(Stored data entries)
——
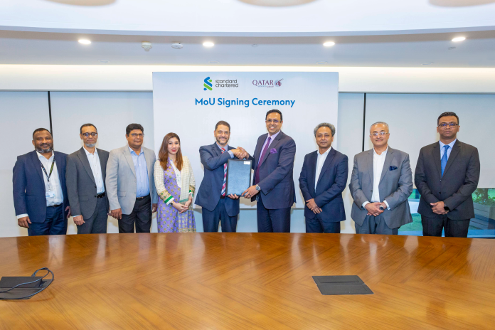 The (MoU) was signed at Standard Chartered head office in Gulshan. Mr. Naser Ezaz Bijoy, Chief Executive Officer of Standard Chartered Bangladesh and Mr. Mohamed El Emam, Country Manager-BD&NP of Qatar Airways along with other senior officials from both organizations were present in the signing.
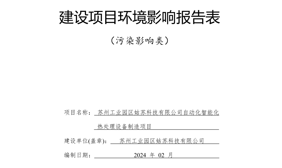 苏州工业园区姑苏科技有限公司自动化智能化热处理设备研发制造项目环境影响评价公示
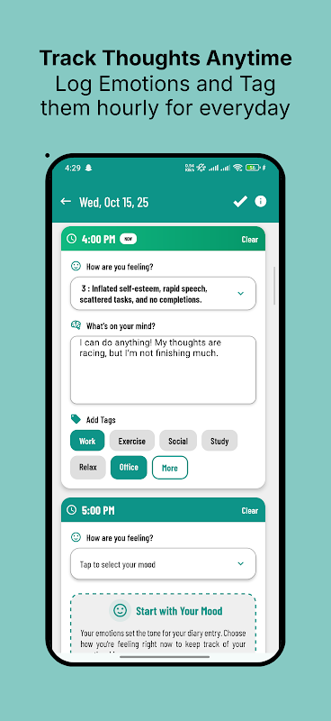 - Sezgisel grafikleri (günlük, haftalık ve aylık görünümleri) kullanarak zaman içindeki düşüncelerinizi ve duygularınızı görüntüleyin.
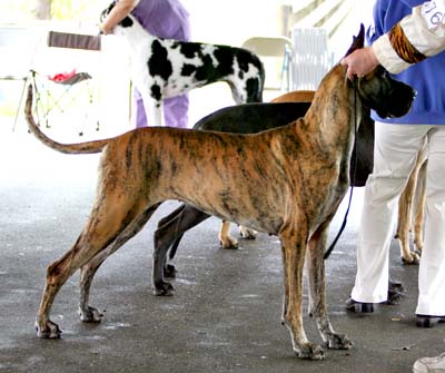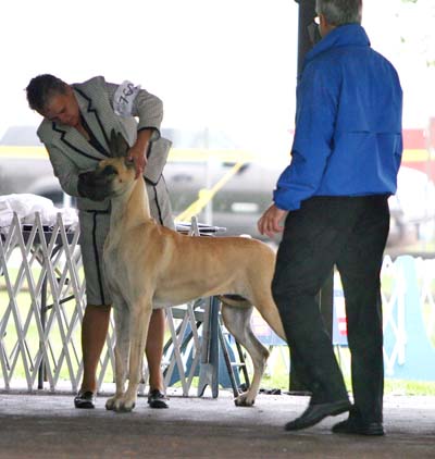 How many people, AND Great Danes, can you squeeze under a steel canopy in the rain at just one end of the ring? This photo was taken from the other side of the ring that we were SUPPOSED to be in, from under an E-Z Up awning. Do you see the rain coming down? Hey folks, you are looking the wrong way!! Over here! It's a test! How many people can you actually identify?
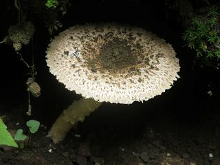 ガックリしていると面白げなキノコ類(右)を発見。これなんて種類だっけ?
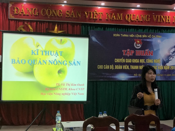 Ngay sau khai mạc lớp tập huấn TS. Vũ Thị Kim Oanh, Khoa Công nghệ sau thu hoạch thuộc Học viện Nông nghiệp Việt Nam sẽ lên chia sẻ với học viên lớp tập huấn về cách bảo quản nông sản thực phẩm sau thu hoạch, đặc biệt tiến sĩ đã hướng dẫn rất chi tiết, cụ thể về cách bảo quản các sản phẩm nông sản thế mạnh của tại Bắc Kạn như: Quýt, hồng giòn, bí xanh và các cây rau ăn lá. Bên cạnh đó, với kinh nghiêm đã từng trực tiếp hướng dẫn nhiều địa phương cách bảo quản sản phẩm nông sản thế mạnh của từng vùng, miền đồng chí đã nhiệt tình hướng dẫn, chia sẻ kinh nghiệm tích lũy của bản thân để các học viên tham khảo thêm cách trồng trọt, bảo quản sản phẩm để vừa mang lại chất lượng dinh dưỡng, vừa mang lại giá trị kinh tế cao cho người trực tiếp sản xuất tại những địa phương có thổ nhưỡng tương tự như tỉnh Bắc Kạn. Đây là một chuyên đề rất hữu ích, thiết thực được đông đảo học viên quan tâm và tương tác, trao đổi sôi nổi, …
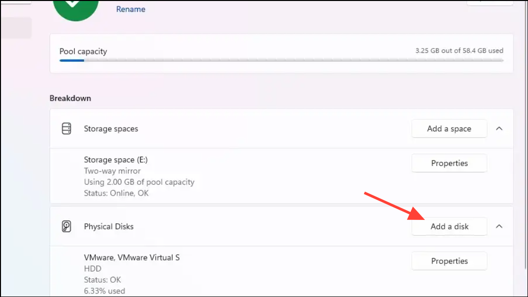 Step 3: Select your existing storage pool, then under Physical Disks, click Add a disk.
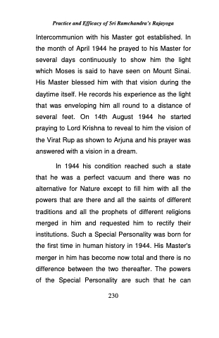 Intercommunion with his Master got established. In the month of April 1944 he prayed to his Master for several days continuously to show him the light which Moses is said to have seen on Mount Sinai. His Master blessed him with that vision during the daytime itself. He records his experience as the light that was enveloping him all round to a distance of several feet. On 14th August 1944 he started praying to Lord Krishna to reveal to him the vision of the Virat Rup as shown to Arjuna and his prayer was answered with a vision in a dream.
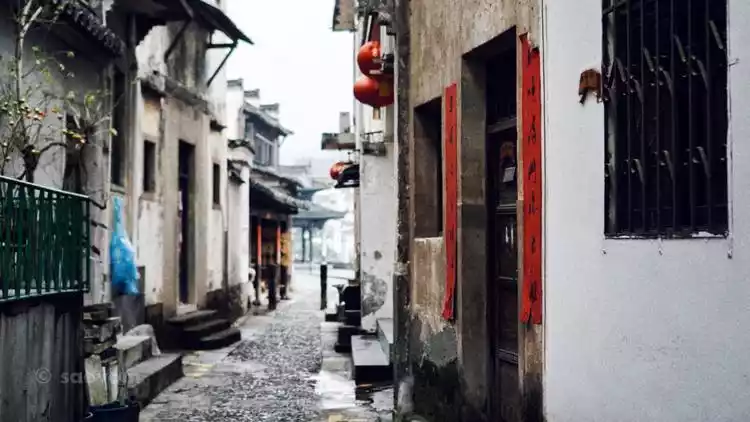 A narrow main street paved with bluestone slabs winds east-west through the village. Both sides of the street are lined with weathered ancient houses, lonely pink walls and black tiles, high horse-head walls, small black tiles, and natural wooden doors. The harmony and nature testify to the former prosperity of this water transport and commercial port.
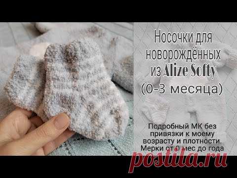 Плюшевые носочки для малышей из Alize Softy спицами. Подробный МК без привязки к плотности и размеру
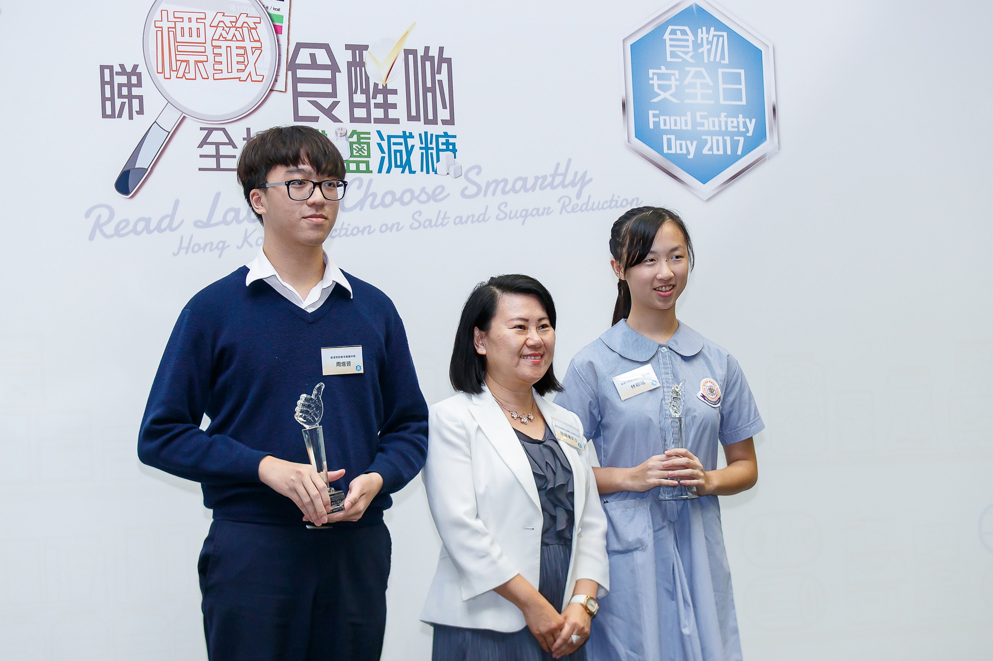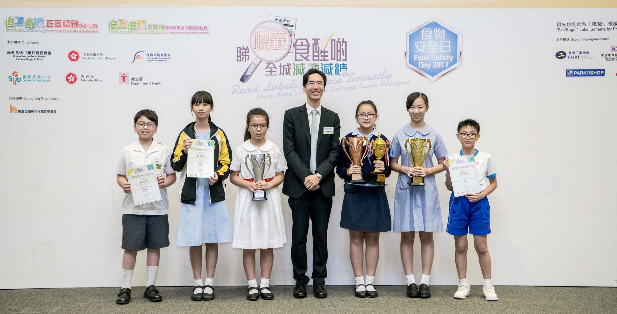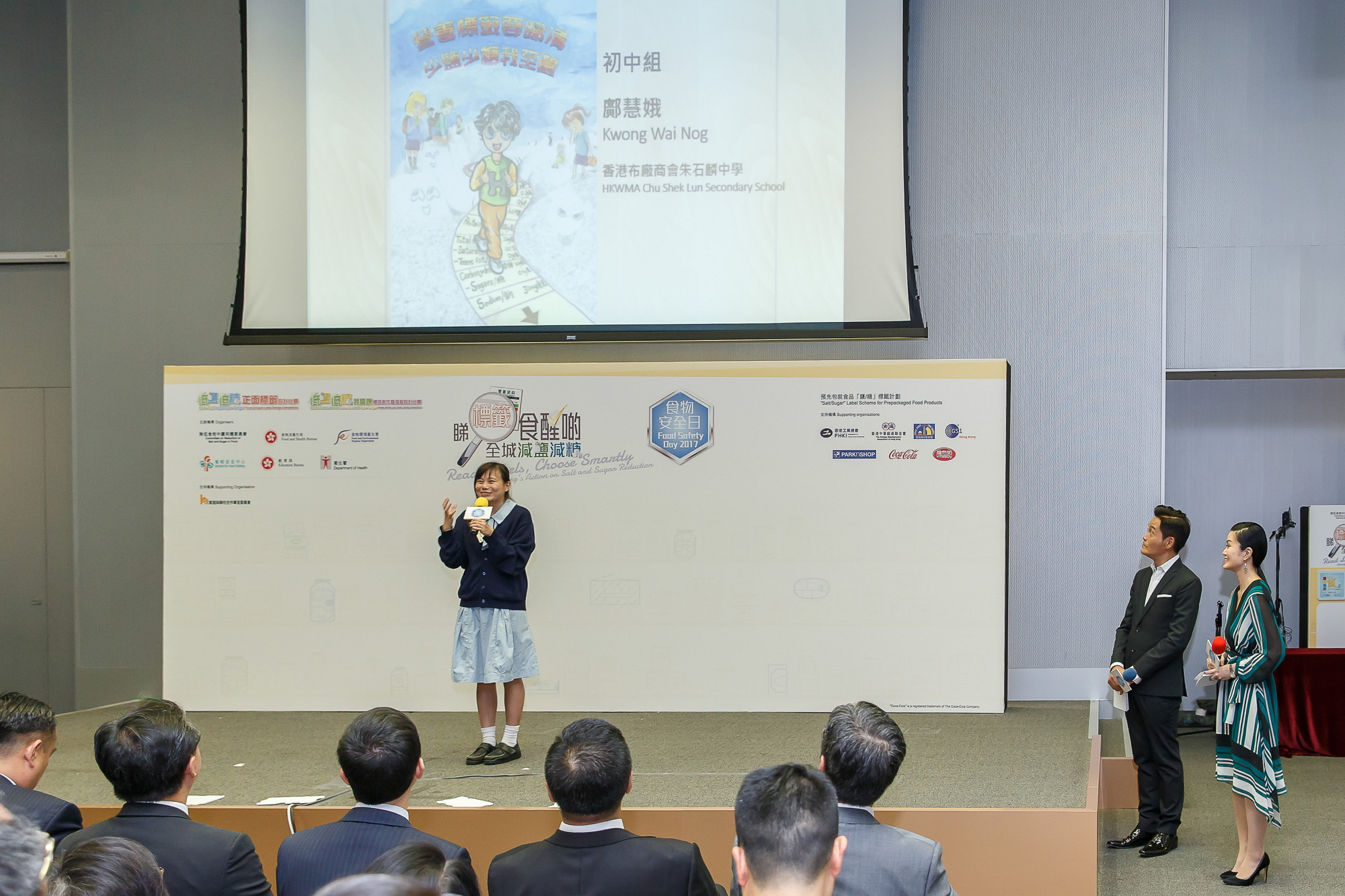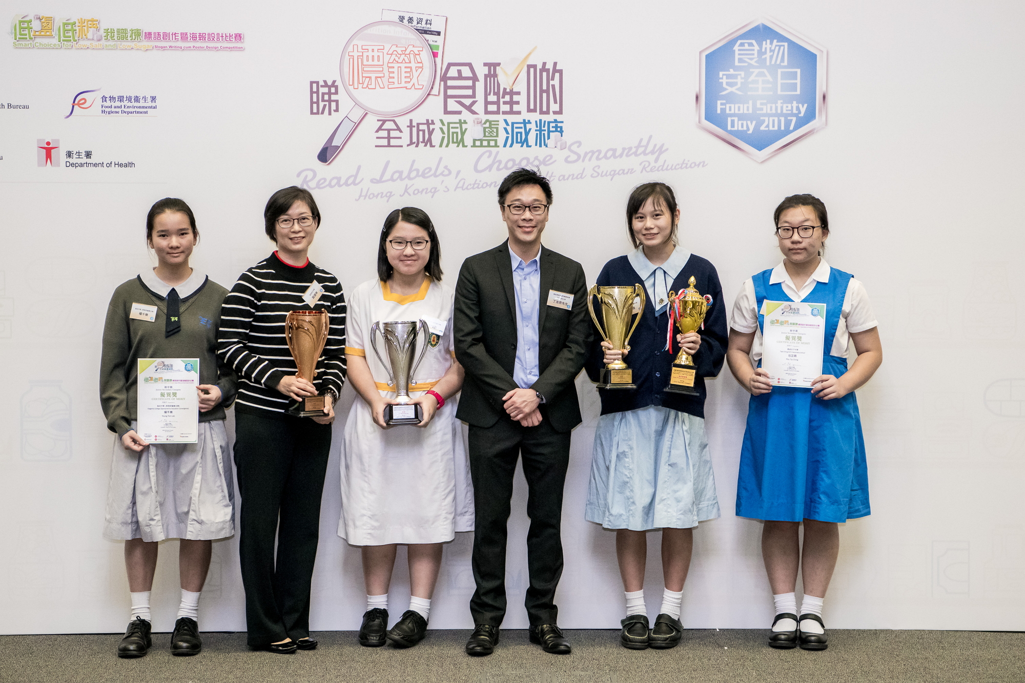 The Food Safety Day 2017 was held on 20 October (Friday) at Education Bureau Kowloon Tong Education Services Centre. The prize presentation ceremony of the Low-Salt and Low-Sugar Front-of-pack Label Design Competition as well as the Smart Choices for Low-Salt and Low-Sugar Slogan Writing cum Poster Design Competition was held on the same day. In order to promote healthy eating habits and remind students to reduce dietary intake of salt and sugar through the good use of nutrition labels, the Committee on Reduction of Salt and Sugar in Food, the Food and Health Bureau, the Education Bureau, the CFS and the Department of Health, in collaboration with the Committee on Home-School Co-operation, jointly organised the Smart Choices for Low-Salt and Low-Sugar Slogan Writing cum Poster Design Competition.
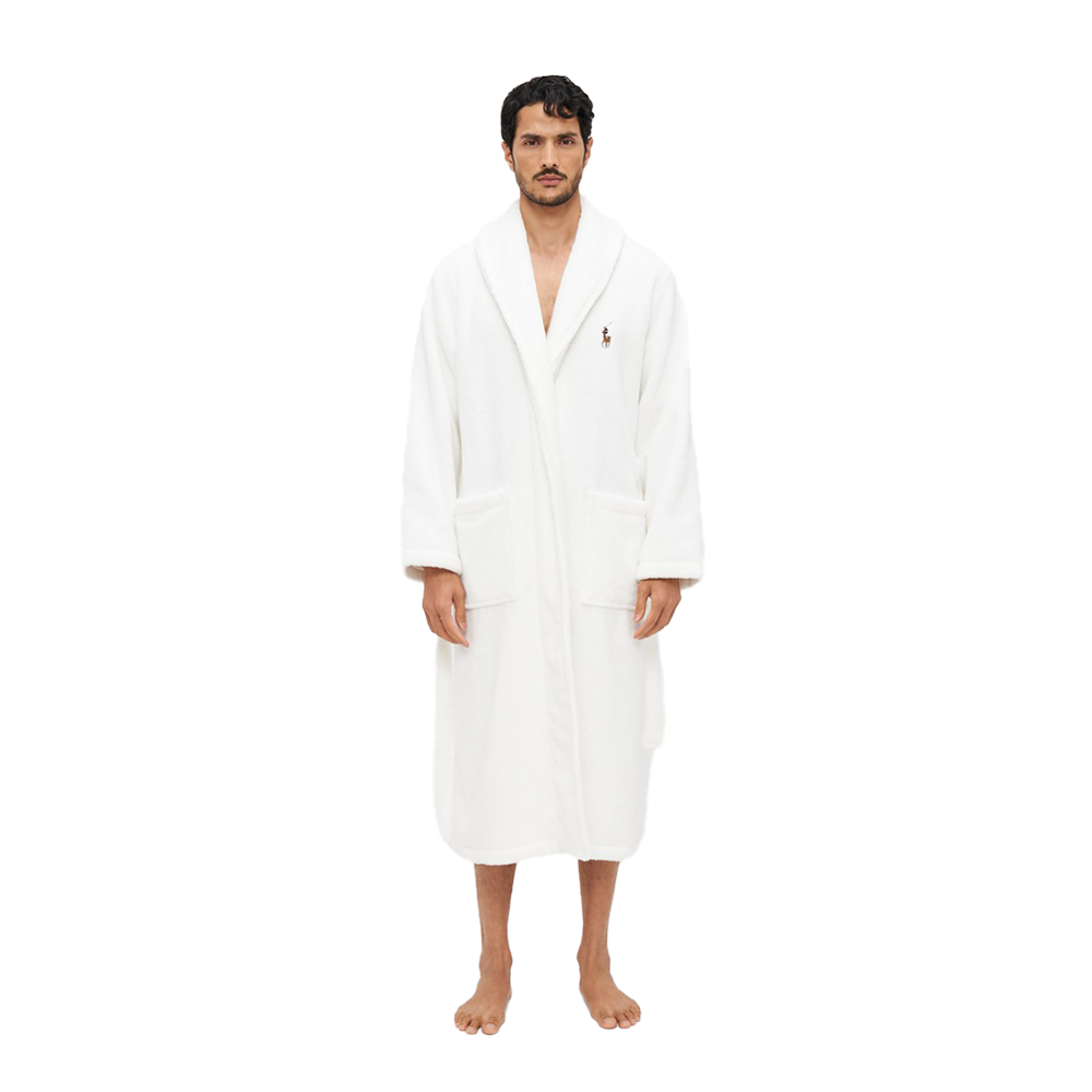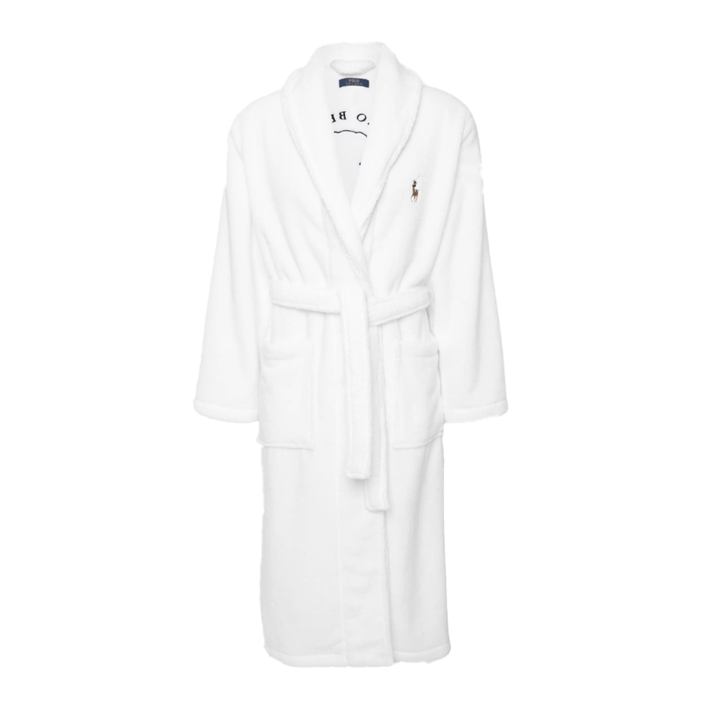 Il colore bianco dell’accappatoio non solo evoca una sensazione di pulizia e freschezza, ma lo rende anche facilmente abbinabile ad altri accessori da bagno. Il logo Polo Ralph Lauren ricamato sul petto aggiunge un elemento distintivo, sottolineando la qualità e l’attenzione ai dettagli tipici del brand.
——
**Work task**
Exactly and only the lines from the top of the records down to the line containing "How many people, AND" should be transcribed, please, without the pictures.

**Answer space**
 The (MoU) was signed at Standard Chartered head office in Gulshan. Mr. Naser Ezaz Bijoy, Chief Executive Officer of Standard Chartered Bangladesh and Mr. Mohamed El Emam, Country Manager-BD&NP of Qatar Airways along with other senior officials from both organizations were present in the signing.
 苏州工业园区姑苏科技有限公司自动化智能化热处理设备研发制造项目环境影响评价公示
 - Sezgisel grafikleri (günlük, haftalık ve aylık görünümleri) kullanarak zaman içindeki düşüncelerinizi ve duygularınızı görüntüleyin.
 How many people, AND Great Danes, can you squeeze under a steel canopy in the rain at just one end of the ring? This photo was taken from the other side of the ring that we were SUPPOSED to be in, from under an E-Z Up awning. Do you see the rain coming down? Hey folks, you are looking the wrong way!! Over here! It's a test! How many people can you actually identify?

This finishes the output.